During an upgrade, there will be two operators running at one time. This provides an opportunity for both operators to transfer ownership, handoff locks, or otherwise coordinate the rollout of operator resources - combined with a strategy for [limiting the blast radius](#limit-the-blast-radius) and use of [operator conditions](https://olm.operatorframework.io/docs/advanced-tasks/communicating-operator-conditions-to-olm/#upgradeable), effective and domain-specific canary or other rollout strategies can be implemented.
```mermaid
graph TD
subgraph Cluster
subgraph Operator Namespace
subgraph Previous Operator Pod
operator("operator")
end
subgraph New Operator Pod
new("operator<br />Upgradeable: false")
end
end
subgraph User Namespace 1
wk("Workload Pod 1")
end
subgraph User Namespace 2
wk2("Workload Pod 2")
end
subgraph User Namespace 3
wk3("Workload Pod 3")
end
operator --> |manages|wk
operator --> |manages|wk2
new --> |manages|wk3
end
style operator fill:#8addf2,stroke:#333,stroke-width:4px
style new fill:#8addf2,stroke:#333,stroke-width:4px
```
The precise mechanism for determining when and how the new version should take control can be determined by the operator (or a separate or external tool), which can allow automated rollout based on domain-specific metrics. For example, an operator might use ownerreferences or labels on CRs to indicate which version is currently managing that instance, with ownership flipped manually. Additional automation can be added to automatically flip management based on metrics / percent rollout, i.e. "for every 2hours that metrics still look healthy, increase rollout to management by the new operator by 10%".

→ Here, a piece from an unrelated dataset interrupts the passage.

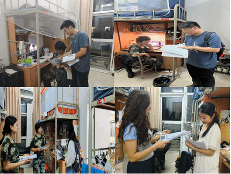 活动中,大家以“亮身份、强服务、保安全”为行动准则,携带暑期安全宣传资料分组行动,走进学生寝室,宣传安全知识。

This is a strategy for limiting the impact of rolling out the operator itself, but similarly domain-specific rollout strategies may be defined for any operands (rules about which versions can be upgraded to which others, etc).
The only part of this that OLM needs to be informed of is that the rollout is taking place - it is important to set the `Upgradeable=false OperatorCondition` so that OLM does not attempt to interfere with the handoff.